Another common finding is a high, arched palate, which is the roof of the mouth. The altered structure of the connective tissue affects the palate’s development, making it unusually high and narrow. This shape directly impacts the available space for teeth, often leading to significant dental crowding.
The ocular system can also be affected by an increased risk for other conditions like glaucoma, where pressure inside the eye increases, and the early development of cataracts. Another serious concern is retinal detachment, where the light-sensitive tissue at the back of the eye pulls away from its blood supply.
The Genetic Cause of Marfan Syndrome’s Physical Traits
The underlying reason for the physical characteristics seen in Marfan syndrome is a mutation in the FBN1 gene. This gene holds the instructions for producing a protein named fibrillin-1. Fibrillin-1 is a fundamental component of microfibrils, which are structures that form the foundation of connective tissue.
These fibrillin microfibrils provide strength and elasticity to tissues. When a mutation occurs in the FBN1 gene, the body either produces less fibrillin-1 or the protein that is produced is abnormal and cannot function correctly. This leads to weakened connective tissue that cannot properly support various body structures.
The deficiency in functional fibrillin-1 directly causes the traits associated with the syndrome. For instance, the lack of tissue integrity allows for the overgrowth of long bones, resulting in tall stature and long limbs. It also affects the development of the facial bones, leading to the elongated face, and contributes to the instability of the eye’s lens.
The Process of Diagnosis
Confirming a diagnosis of Marfan syndrome involves a thorough evaluation by a medical team. The process begins with a physical examination to look for the characteristic signs of the disorder. A doctor will also take a comprehensive medical and family history, as the condition is often inherited.

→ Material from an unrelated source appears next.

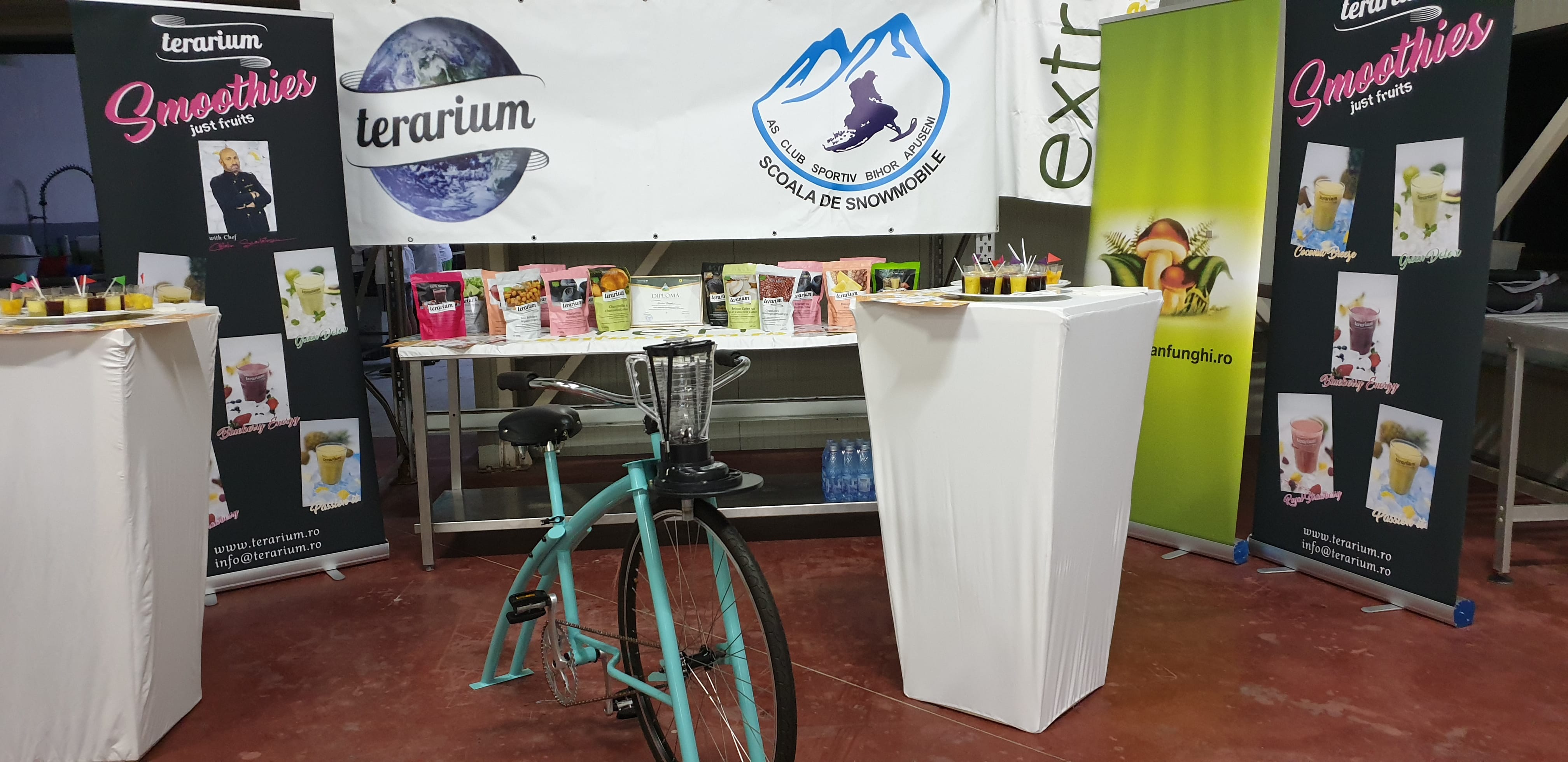 De asemenea, ca parte din conceptul Terarium, cei de la Emilian Funghi au realizat împreună cu producătorul de biciclete Pegas, o bicicletă statică de care au atașat un blender, astfel că prin pedalare îți poți face propriul smoothie! Ideea ingenioasă a fost deja îmbrățișată de partenerii spanioli ai firmei, care au dus-o pe plajele spaniole, bucurându-se de un real succes!

To formalize the diagnosis, clinicians use a specific set of guidelines known as the Ghent nosology. These criteria, which were updated in 2010, place significant weight on two cardinal features: aortic root aneurysm and dislocation of the lens (ectopia lentis).
A team of specialists is often involved in the diagnostic process because the syndrome affects multiple body systems. This team may include a cardiologist to assess the heart and aorta with an echocardiogram, an ophthalmologist for a detailed eye exam, and an orthopedist to evaluate the skeletal system. A geneticist may also be consulted, and a genetic test for mutations in the FBN1 gene can help confirm the diagnosis.